I wake up to nightmares some mornings. Upon awakening, the memories of where I am (at my sister’s house), who I am (a single, divorced, immigrant, with a part-time job and not much prospect), and what I have that brought me to this point (bipolar), slowly come back to life, and it’s too much to take in sometimes.
This house I wake up in every morning is three children too many. My sister is sleeping under the same roof, and we are not children any more. We have grown up. My sister is married, happily married for almost 7 years. And I am divorced, 5 years ago. I am barely out of my struggles with bipolar. I can’t really say that I am out yet. It could always come back. That’s the thing about bipolar disorder. It’s a recurring disease. It always came back.
I have my fears. What if I end up here longer than I originally planned? Would one year be too long to stay with your married sister and her family? What if my episode comes back? What if I start hearing voices again, and start to believe them? This battle with bipolar can get so lonely and frightful . It’s almost worse than living with the unpromising dream of writer’s life. It could be quite a burden sometimes.
My sister once told me about the dream she had not long ago. She doesn’t have many dreams. That’s what happens when you have three children to drain your energy and you crash on your bed obliviously every night. But, this dream she had was most extraordinary. She dreamt that she and I were walking in the field. There stood a lonely tree. A big tree. But it was dying.
Then she called mom. Mom gave us her tip.
“There should be a switch on the tree. Pull it down and the tree will open up!”, Mom said.
“Huh? There’s a switch on a tree? To open it up?”
She got confused, and we walked up to the tree together. And sure enough, there it was, the pull-down switch, like the kind you would find on the ceiling fan.
So one of us pulled it down, and the tree started to open up its branches. Then the gentle rain came down, and light started to shine on the leaves and the tree started to come back to life. Then she woke up.
Last night, in my somewhat dark mood, I was going through my check list in my brain. Loss of sleep. Check. Trouble waking up. Check. Loss of appetite. Check. Losing interests in the activities I normally enjoyed. Check.
But suddenly that image of my sister’s dream popped in my head. I was seeing that tree, under the gentle rain, bright sun light, with its branches wide open receiving the life.
And the switch.
All it took was the switch, as mom had told my sister in her dream.
If I can name only one strength that my mom had even though she had many, I would say it is her vitality. She had so much will to live no matter what she was going through. She had a hard life. But I don’t remember her giving up her fight no matter how dark the times got. She pulled us all through the darkness. She was one great captain. And though the boat we were in was not an easy ride, we had a great leader that would never give up. Giving up was not her concept. She almost defied death when she was a baby. She was dying from a chicken pox, and was left in the warmest corner of the room to die in peace. Her coffin was being made when she suddenly revitalized.
So pull down the switch.
It’s that easy.
Just change your perspective.
Your perception is one thing that you can change.
I heard mom saying that.
Or maybe it was Jesus whispering those words to me.
It could have been my own voice.
The thing about Montaigne’s essays that I like so much is his humanness in all his writings. He contradicts himself.
Do I contradict myself?
Very well then I contradict myself,
(I am large, I contain multitudes.)
What Whitman said was so Montaigne as well. Montaigne changes his direction evert time a new way of looking at things occurs to him. He simply cannot keep his subjects still, and he mumbles his every though out loud without shame. He’s so honest, and he’s all over the place on his map of thoughts.

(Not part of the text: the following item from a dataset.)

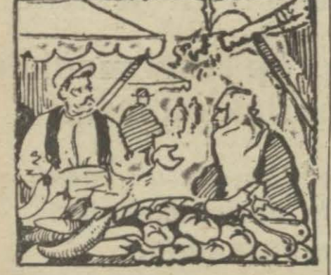
Dört ok kabağımız ne etti?

— Bir gün de diyordun, çarşamba taraflarını dolaşsanız! Muhterem okuyucuma gös- terdiği alâkadan dolayı burada teşekkür ederim. Sim

He’s so human and I love him and his works for it. And I find no shame in contradicting myself. The very next day after my triumphant discoveries on the similarities between me and William Wordsworth(my previous post), those very same similarities I’ve pointed out are dragging me down to the dark weight of anxiety.
Do I contradict myself? Very well then I contradict myself.
I have doubts.
I have fears.
I have weaknesses.
And, I have…
… found nothing as beautiful as being fully human on the journey to meet her God face to face.